## Work request
Copy, with no pictures, the line that contains "Benedykt XVI podjął" and each line after it down to the end of the entries below, exactly.

## Extracted material
*** Begin section ***

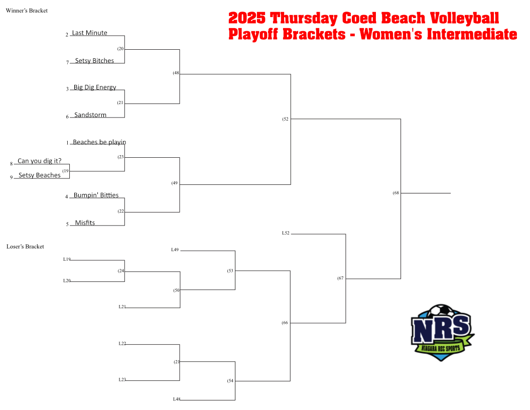 2025 Thursday VB Playoff Bracket Womens Intermediate – 9 teams Published August 17, 2025 at 1056 × 816 in Thursday Evening Beach Volleyball Playoff Schedule
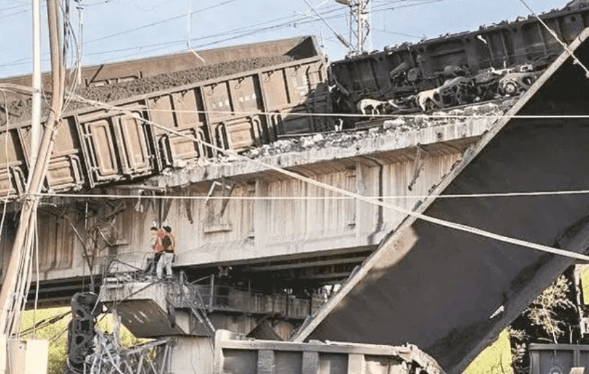 4月14日13時,在大秦鐵路翠屏山站(注:天津薊州段)停放的貨車車輛發(fā)生溜逸,與運行中的貨物列車相撞造成17輛貨車脫線,其中11輛墜落鐵路橋下,導致大秦鐵路中斷行車,無人員傷亡。
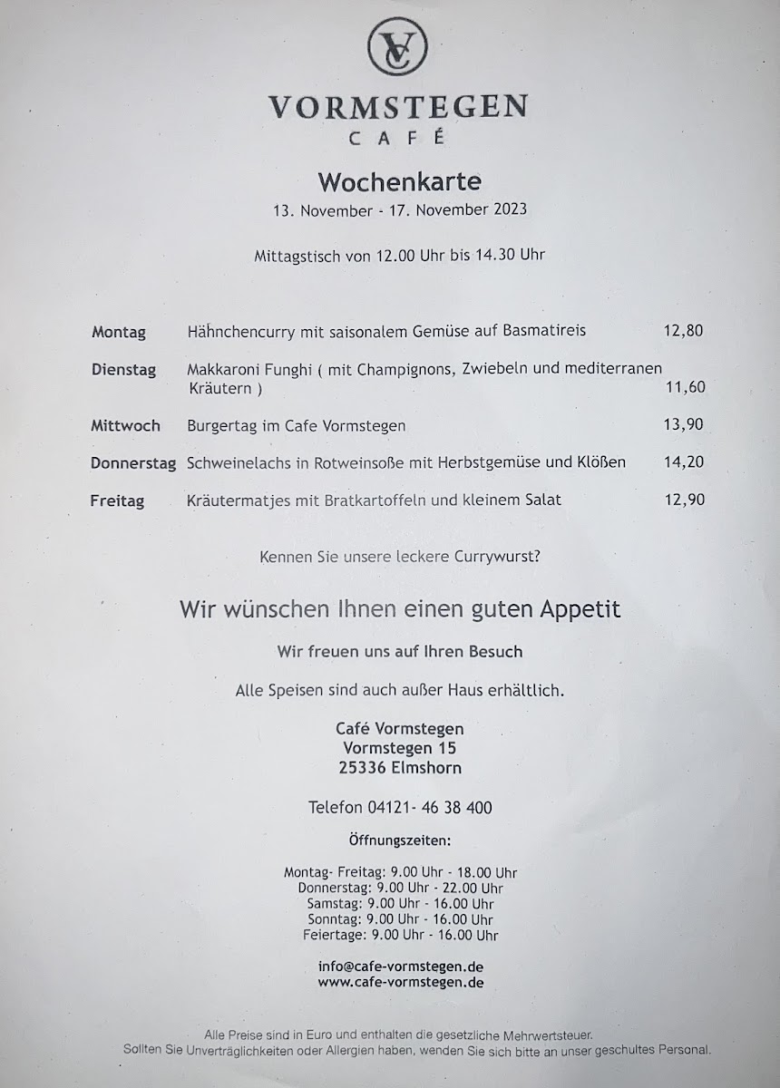 Café Vormstegen Menu
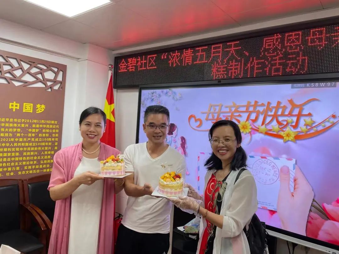 黄埔区夏港街金碧社区日前开展“浓情五月天,感恩母亲情”手工蛋糕制作活动,给社区亲子家庭提供一个表达爱意的机会,表达对母亲的爱和感恩。
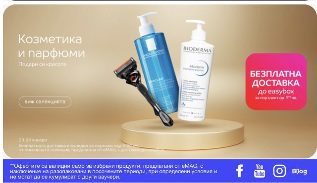 Безплатна доставка има в момента през приложението до Easybox ако в поръчката имате артикул от категория козметика и лична грижа за над 9.99 лв.
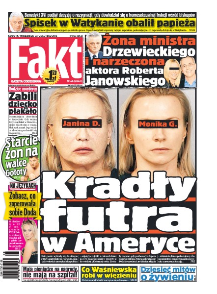 Benedykt XVI podjął decyzję o rezygnacji, gdy dowiedział się o homoseksualnej frakcji wśród biskupów; żona ministra Drzewieckiego i narzeczona aktora Roberta Janowskiego kradły futra w Ameryce; w Szczecinie rodzice zabili dziecko, bo płakało; 10 mitów o jedzeniu; Justyna Kowalczyk nie chciała analizować wideo z upadku w sprincie.
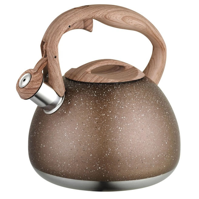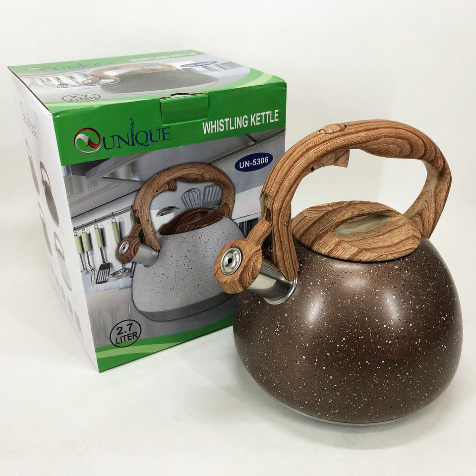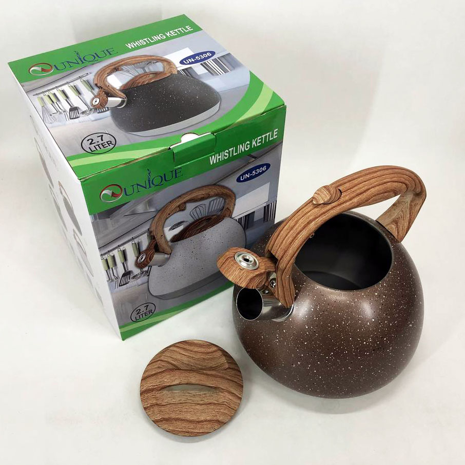 Чайник Unique со свистком UN-5306 2,7л мрамор, качественный чайник для газовой плиты. Цвет: коричневый
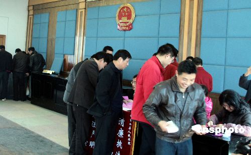 1月22日,江西吉水人民法院召开清理执行积案兑现大会,发放执行款共计850万元,200名当事人当场领到了拖欠多年的劳动报酬。入冬以来,吉水法院以清理执行积案为契机,重点清理执行拖欠群众工资案,执结60件“骨头案”和“棘手案”。中新社发 肖春根 摄
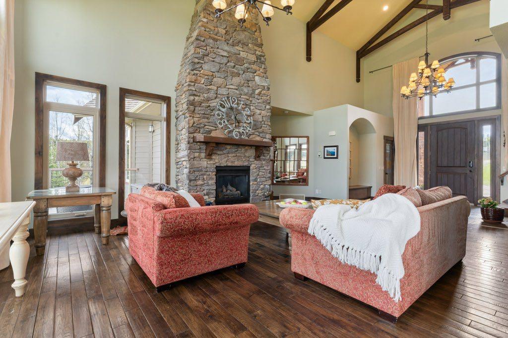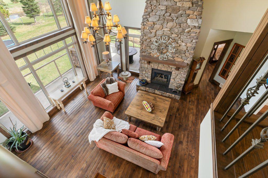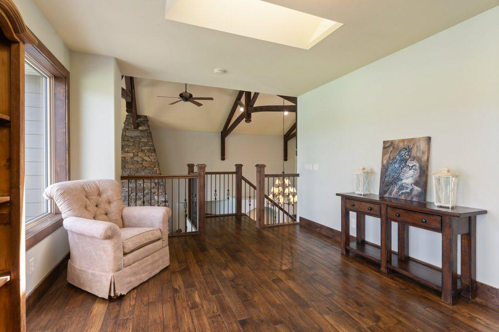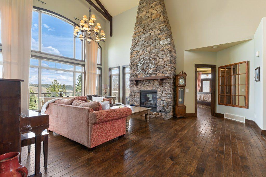 Step inside to discover soaring ceilings and hand-hewn hickory floors that create a warm, inviting atmosphere throughout the main level. The open concept living space is anchored by one of four magnificent fireplaces found throughout the home, providing both ambiance and comfort. Expansive windows and strategically placed skylights bathe the interior with natural light while framing picturesque views of the surrounding countryside.

*** End section ***

## Expected output
 Benedykt XVI podjął decyzję o rezygnacji, gdy dowiedział się o homoseksualnej frakcji wśród biskupów; żona ministra Drzewieckiego i narzeczona aktora Roberta Janowskiego kradły futra w Ameryce; w Szczecinie rodzice zabili dziecko, bo płakało; 10 mitów o jedzeniu; Justyna Kowalczyk nie chciała analizować wideo z upadku w sprincie.
 Чайник Unique со свистком UN-5306 2,7л мрамор, качественный чайник для газовой плиты. Цвет: коричневый
 1月22日,江西吉水人民法院召开清理执行积案兑现大会,发放执行款共计850万元,200名当事人当场领到了拖欠多年的劳动报酬。入冬以来,吉水法院以清理执行积案为契机,重点清理执行拖欠群众工资案,执结60件“骨头案”和“棘手案”。中新社发 肖春根 摄
 Step inside to discover soaring ceilings and hand-hewn hickory floors that create a warm, inviting atmosphere throughout the main level. The open concept living space is anchored by one of four magnificent fireplaces found throughout the home, providing both ambiance and comfort. Expansive windows and strategically placed skylights bathe the interior with natural light while framing picturesque views of the surrounding countryside.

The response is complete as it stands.